Sister Carolyn Sur

Mercy versus compassion

Mercy first caught my attention in my first year English class when we were asked to memorize a few lines of Portia’s soliloquies from the Merchant of Venice, IV, I. In the exclusive language of Shakespeare’s time it reads:

The quality of mercy is not strained. It droppeth as the gentle rain from heaven upon the place beneath. It is twice blessed. It blesseth him [sic] that giveth and him that receiveth. 

In the early 1980s, Sister Carolyn Sur (front center) was teaching at Vincent Gray, an alternative high school for students whose lives were complicated due to being born into disadvantage. They “taught me why only God can judge. The rest of us need mercy!”

It was a more sophisticated way of getting a teenager’s attention than the well-worn biblical citations, “Do not do unto others what you do not want done to you.” Or, “Give, and it shall be given unto you: good measure, pressed down, shaken together, running over.”

For my young sense of fairness resisting altruism, Portia’s approach with the metaphor of “gentle rain,” stirred my poetic heart. “Go ahead,” my tit for tat way of thinking cautioned the fleeting moments of generosity. “Give mercy away. You’ll get it back.”

Later, after all those gifts and fruits of the Holy Spirit were memorized for catechism class, I looked for simplicity and clarity.

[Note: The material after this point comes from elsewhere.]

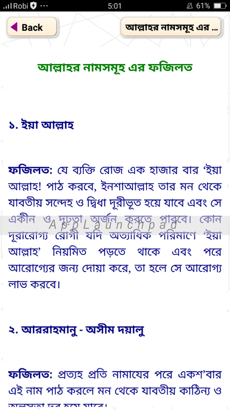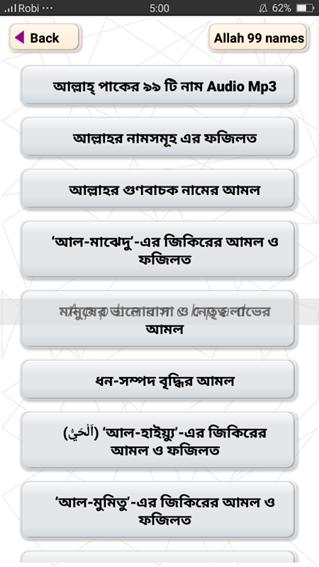 আসসালামু আলাইকুম।সবাইকে অসংখ্য ধন্যবাদ জ্ঞাপন করছি আমার এই অ্যাপটি তে যার মূল বিষয়বস্তু হচ্ছে আল্লাহ পাকের ৯৯টি নাম ও ফজিলত ।অডিও সহ এই অ্যাপ টিতে পাচ্ছেন আল্লাহ্র ৯৯ টি নাম ও অর্থ অডিও সহকারে। মহান আল্লাহ্ রাব্বুল আলামিন আমাদের সৃষ্টি কর্তা যার গুনের কোনও শেষ নাই। আসমান ও যমীনে এ যা কিছু বিদ্যমান সবই আল্লাহ্ এর দান। তাই আসমাউল হুসনা কি ও আল্লাহ এর গুনবাচক নাম এর তালিকা সহ শিখতে চাইলে অ্যাপ টির সাথে থাকুন।
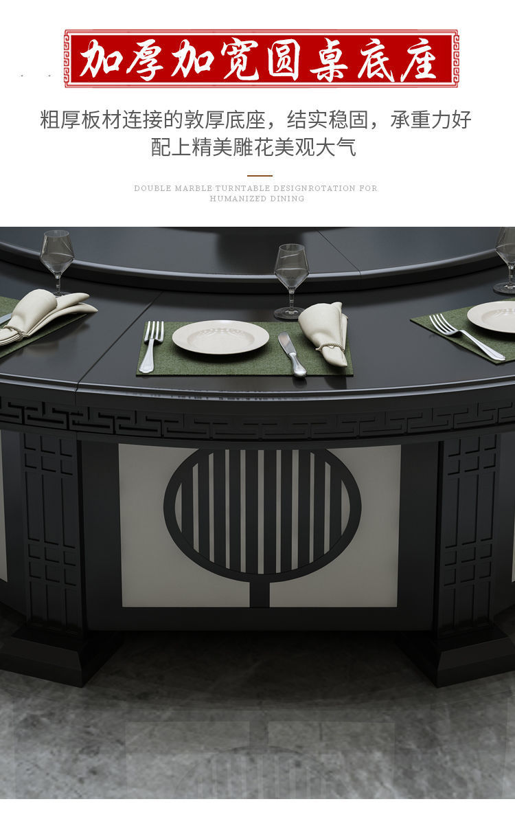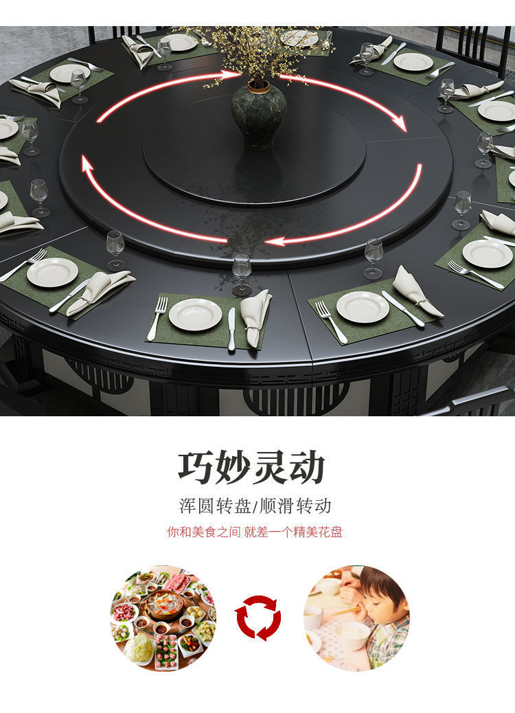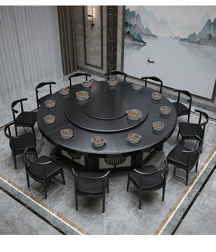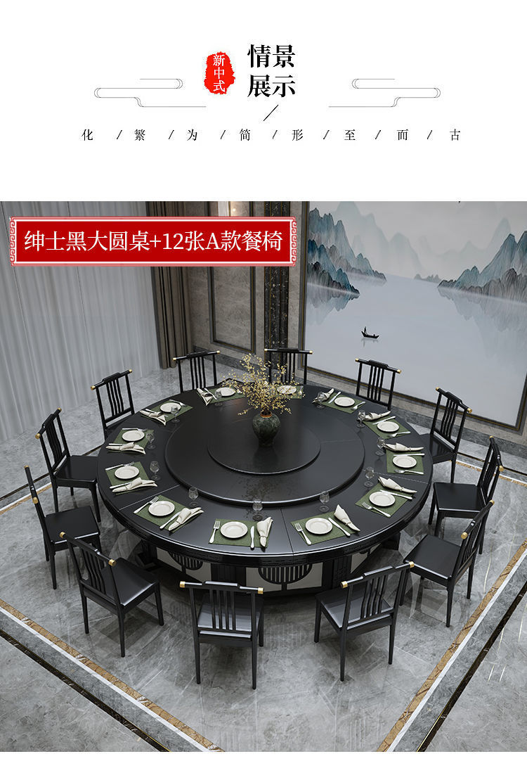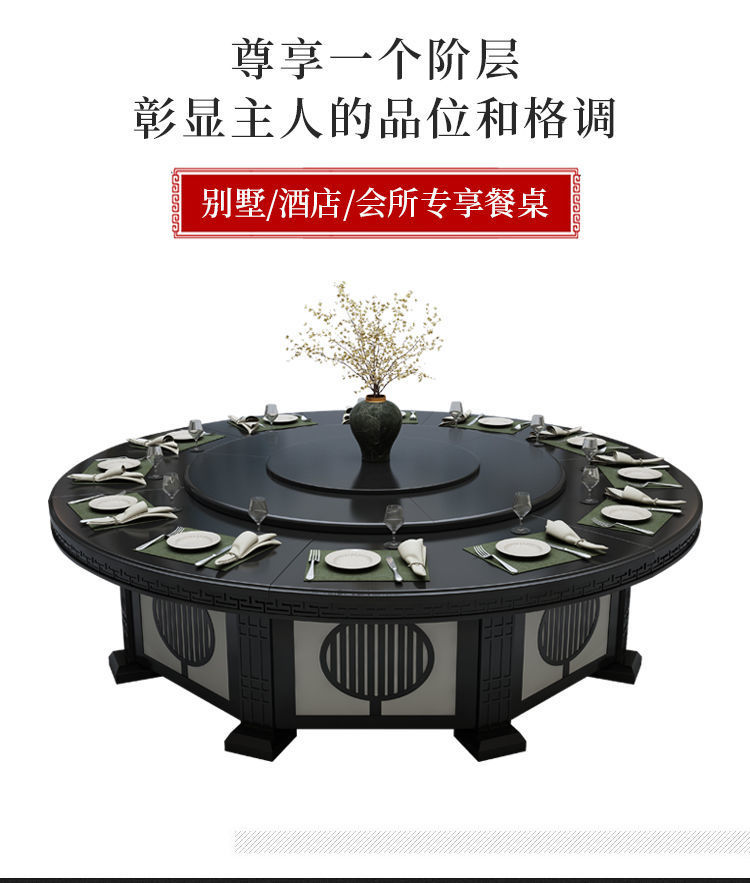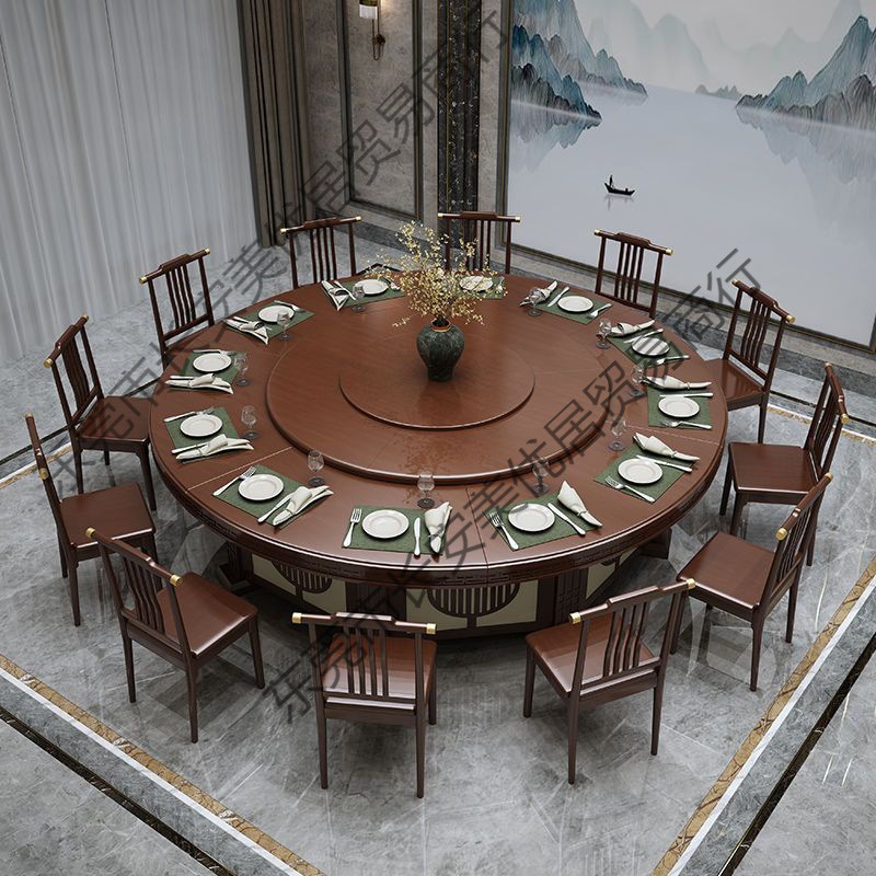 新中式酒店餐桌大圆桌18人20人饭店实木餐桌椅组合电动旋转火锅桌

Probably in a homily or in a theology class, I heard/read a clear distinction between mercy and compassion. “Compassion is a movement of the heart. Mercy is compassion in action.”

I offer a companion’s supper time story of feeling compassion and practicing mercy when she reported someone pushing a grocery cart on the sidewalk during rush hour. Just then it began to rain. Jean pulled over, shifted her car, and tossed an extra umbrella into the woman’s cart. Portia’s, “Gentle rain.”